Pasukan Ukraina terus lakukan perlawanan terhadap Rusia. Foto: Anadolu
Moskow: Rusia menuntut adanya jaminan keamanan ‘mutlak’ dalam setiap perjanjian damai dengan Ukraina. Syarat lainnya termasuk penolakan dari negara-negara NATO untuk menerima Kyiv sebagai anggota dan komitmen bahwa Ukraina akan tetap berstatus netral.
Pernyataan ini disampaikan oleh Wakil Menteri Luar Negeri Rusia, Alexander Grushko, dalam wawancaranya dengan media Rusia, Izvestia, yang diterbitkan pada Senin 17 Maret 2023.
"Kami akan menuntut agar jaminan keamanan mutlak menjadi bagian dari perjanjian ini," ujar Grushko, menegaskan bahwa salah satu poin utama yang diminta Moskow adalah status netral Ukraina dan larangan bagi negara-negara NATO untuk memasukkan Kyiv ke dalam aliansi tersebut.
Pernyataan ini disampaikan di tengah upaya Presiden Amerika Serikat, Donald Trump, yang berusaha mendapatkan dukungan Presiden Rusia, Vladimir Putin, atas usulan gencatan senjata selama 30 hari yang telah disetujui Ukraina pekan lalu.
Menurut Utusan Khusus AS, Steve Witkoff, Trump dijadwalkan berbicara langsung dengan Putin dalam pekan ini untuk membahas langkah konkret dalam mengakhiri perang yang telah berlangsung selama tiga tahun di Ukraina.

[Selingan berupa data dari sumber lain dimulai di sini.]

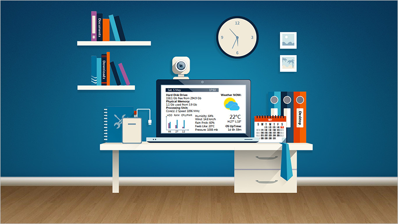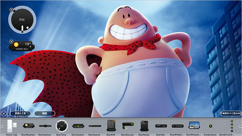 通过套件小工具你可以让桌面风格变得有趣起来,如下图把时钟和天气预报与壁纸无缝融合到了一起。
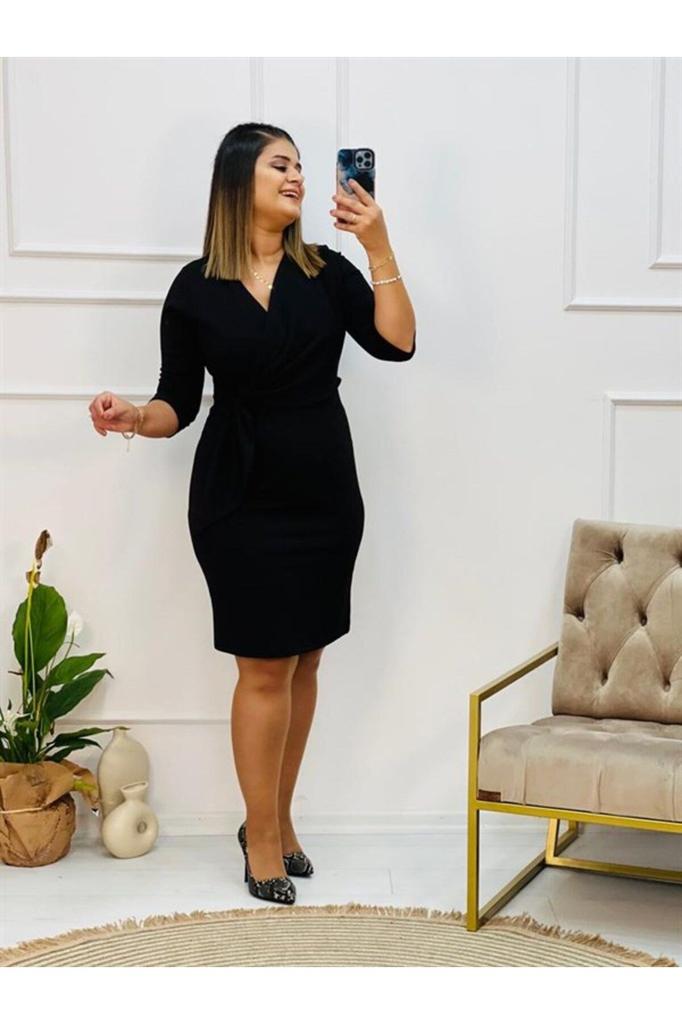 Lycra Crepe Above Knee Dress Black
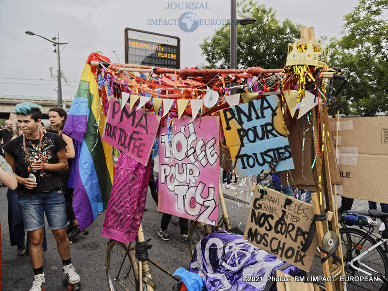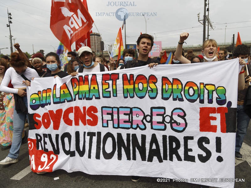 -L’élargissement de la PMA. L’Assemblée doit rendre définitif le projet de loi bioéthique, le 29 juin. L’élargissement de la PMA aux femmes seules et aux couples de femmes, n’est pas suffisant. La filiation trans fait aussi partie des demandes. La plupart des manifestants désiraient exprimer leurs colères.
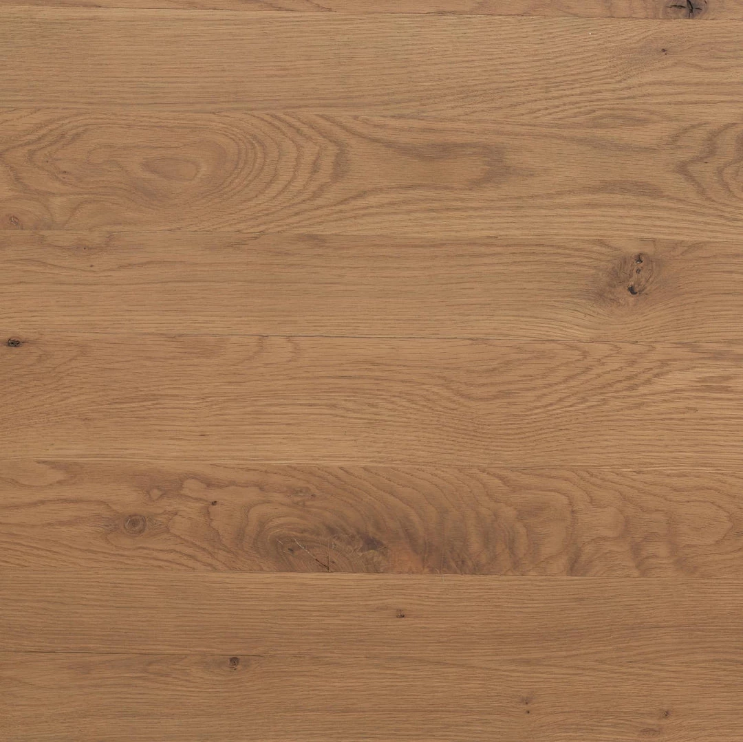 A shape-driven desk made from thick-cut oak veneer features overscale proportions in a warm grey-brown finish and spacious side cabinetry with a cutout for cord management.

Rusia tolak kehadiran pasukan NATO di Ukraina
Grushko juga menegaskan kembali sikap tegas Kremlin yang menolak keras segala bentuk kehadiran pasukan pengamat NATO di wilayah Ukraina. Pernyataan ini merespons kesiapan Inggris dan Prancis yang menyatakan kesediaan mereka mengirim pasukan penjaga perdamaian untuk memantau gencatan senjata di Ukraina. Perdana Menteri Australia, Anthony Albanese, juga menyatakan bahwa negaranya terbuka terhadap permintaan tersebut.
"Tidak peduli dalam bentuk apapun pasukan NATO dikerahkan di wilayah Ukraina, apakah atas nama Uni Eropa, NATO, atau kapasitas nasional kehadiran mereka di zona konflik berarti mereka menjadi pihak yang terlibat langsung dalam konflik ini, dengan segala konsekuensinya," tegas Grushko, seperti dikutip
Channel News Asia, Senin 17 Maret 2025.
Meski demikian, Rusia membuka kemungkinan adanya misi sipil yang tidak bersenjata untuk memantau implementasi perjanjian damai, namun hanya setelah kesepakatan tersebut benar-benar tercapai.

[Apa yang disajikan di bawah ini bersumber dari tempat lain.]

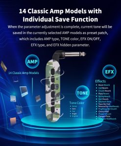 El amplificador de auriculares FX10 cuenta con 14 módulos de amplificador clásicos, elige el módulo de amplificador y ajusta el color de tono/efectos (y los parámetros de los efectos), luego el color de tono, tipo de efecto y parámetro se guardarán en el módulo AMP como un preset. Además, hay 14 efectos para elegir, como reverb, delay y modulación. Incluyendo 28 ritmos de batería con ajuste de parámetros, y 5 niveles de tono de color para una rápida optimización del tono. Admite conexión Bluetooth para conectar a dispositivos externos.
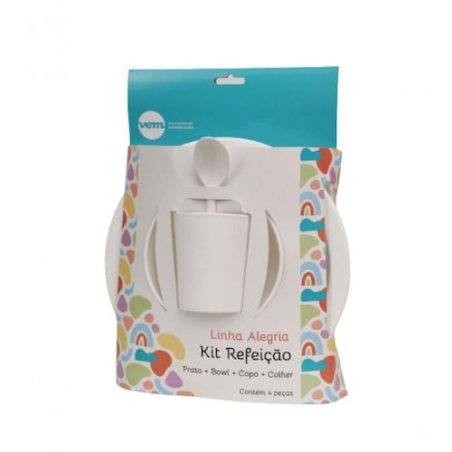 Kit Refeição Infantil Vem Branco Linha Alegria Kit Refeição Infantil VEM com 4 peças, com ele a hora da refeição vai ser um momento mais divertido. Com prato, tigela, colher e copo de alta qualidade, irá proporcionar uma refeição segura e mais alegre para o seu filho, afinal esses momentos precisam ser leves e descontraídos. Todos os produtos da Linha Alegria, são seguros, livre de BPA e ftalatos. Produto 100% atóxico, atendendo aos padrões de segurança e testes de saúde da ANVISA no Brasil e FDA dos EUA. O produto é flexível e não deforma, estável, durável, anti-queda, resistente e 100% reciclável. Pode ser levado ao micro-ondas ou freezer. RECOMENDAÇÕES DE USO E LIMPEZA:Não use utensílios de cozinha em metal ou quaisquer objetos afiados que possam riscar o produto. Use somente os objetos apropriados, como as espátulas e colheres de silicone da VEM, que não irão riscar o produto.Lave em água com detergente neutro e enxágue bem ou lave na parte superior máquina de lavar louça;Se os alimentos grudarem, deixe os recipientes cheios com água quente e com detergente neutro;Não utilize esfregões ou esponjas de aço de limpeza, nem detergentes abrasivos, dado que estes irão danificar os recipientes.Especificações Linha do Produto: AlegriaO KIT CONTÉM: 1 Prato 22cm x 1,8cm (diâm. x alt.) 1 Tigela 16,5cm x 3,7cm (diâm. x alt.) 300ml 1 Copo 200ml (7 cm altura) Cor: BrancoMaterial: Polipropileno
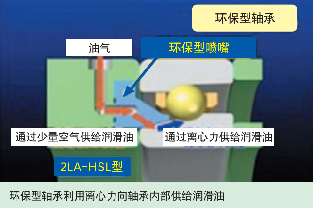 所謂環保型軸承,顧名思義,即是更環保,一般來說,環保型油氣潤滑角接觸球軸承及圓柱滾子軸承,通過與環保型噴嘴的組配,可減少油霧的飛濺(油煙)并降低噪音,以達到優化使用環境的效果。
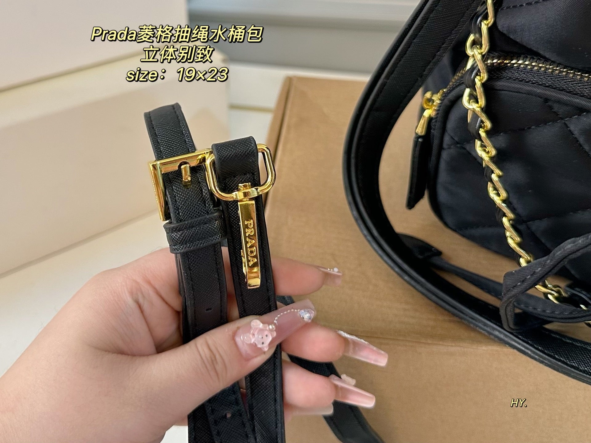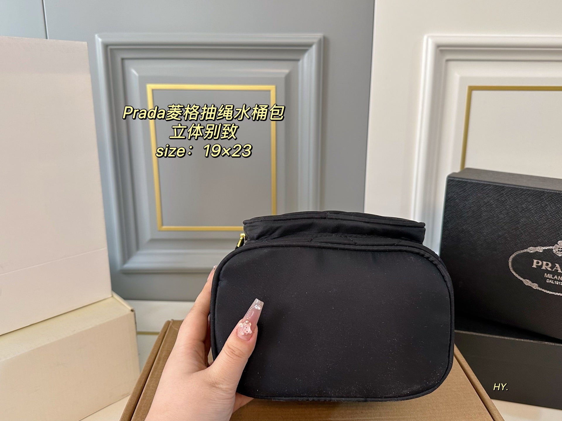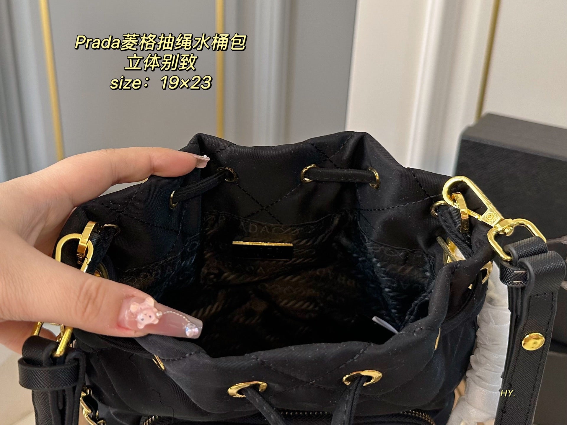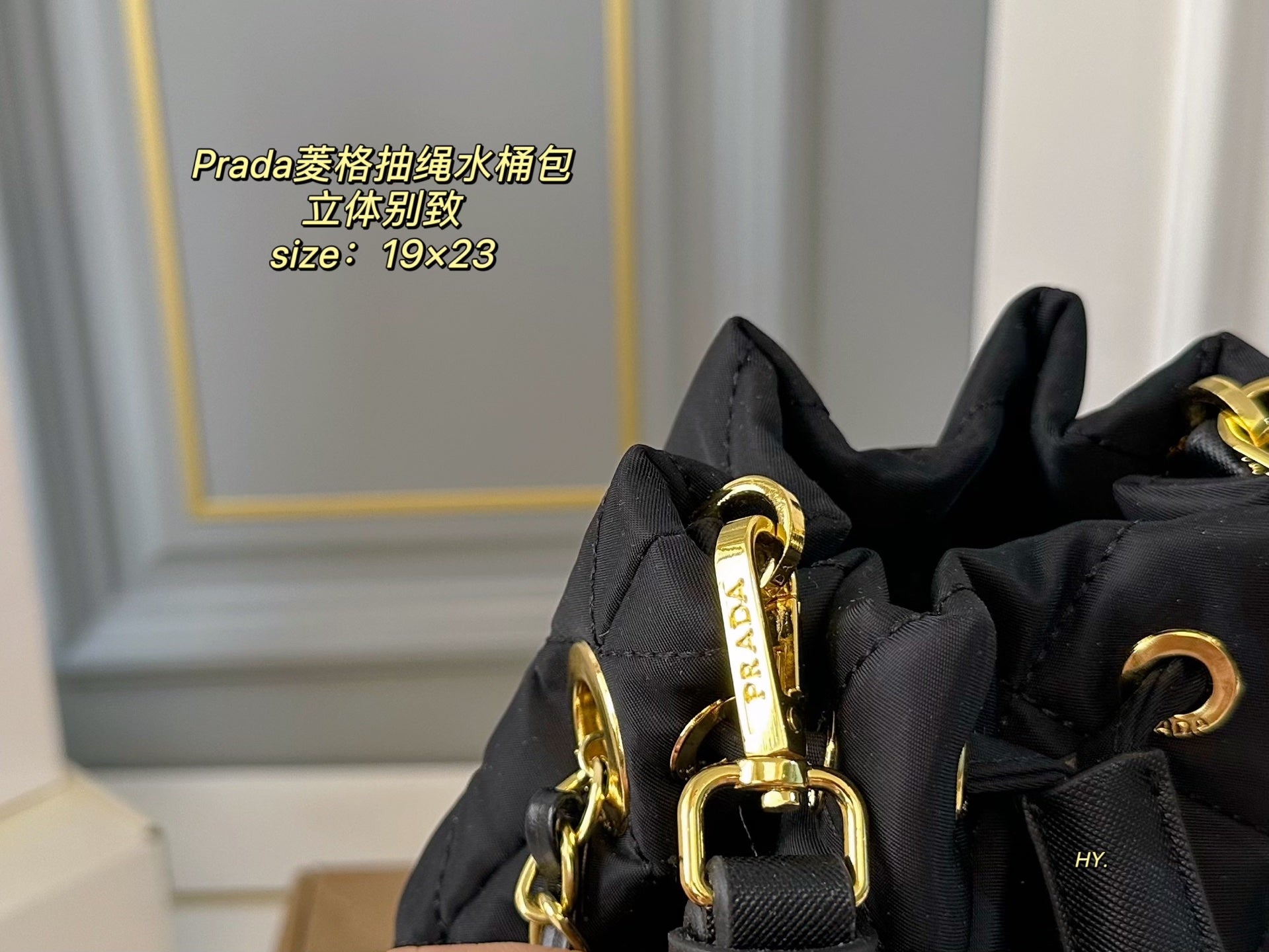 Elevate your style with the Prada Diamond Drawstring Bucket Bag, featuring a sophisticated 19x23 cm design. Crafted from premium imported nylon and leather, this bag showcases a unique diamond grid pattern that adds a modern touch. Its three-dimensional bucket shape offers ample capacity, making it the perfect accessory for work, commuting, or daily outings. Discover the perfect blend of functionality and high fashion with this exquisite piece from Prada.

"Kita dapat berbicara mengenai pengamat tak bersenjata atau misi sipil yang memantau implementasi aspek-aspek tertentu dari perjanjian ini atau sebagai bagian dari mekanisme jaminan. Namun, selama belum ada kesepakatan nyata, semua pembicaraan ini hanyalah angin lalu," ujar Grushko.
Netralitas Ukraina jadi kunci
Grushko menegaskan bahwa negara-negara sekutu Ukraina di Eropa harus memahami bahwa satu-satunya cara untuk menjamin keamanan Ukraina dan stabilitas kawasan adalah dengan mengecualikan Ukraina dari keanggotaan NATO serta melarang pengerahan pasukan militer asing di wilayahnya.
"Hanya dengan demikian keamanan Ukraina dan kawasan secara lebih luas dapat dijamin, karena salah satu akar penyebab konflik akan dihilangkan," tandasnya.
Sementara itu, Presiden Prancis, Emmanuel Macron, menegaskan bahwa keputusan mengenai penempatan pasukan penjaga perdamaian di Ukraina sepenuhnya berada di tangan Kyiv, bukan Moskow.
Ketegangan antara Rusia dan Barat semakin meningkat seiring dengan terus berlangsungnya konflik di Ukraina, dimana Moskow bersikeras bahwa langkah NATO memperluas pengaruhnya di kawasan merupakan ancaman langsung terhadap keamanan nasional Rusia.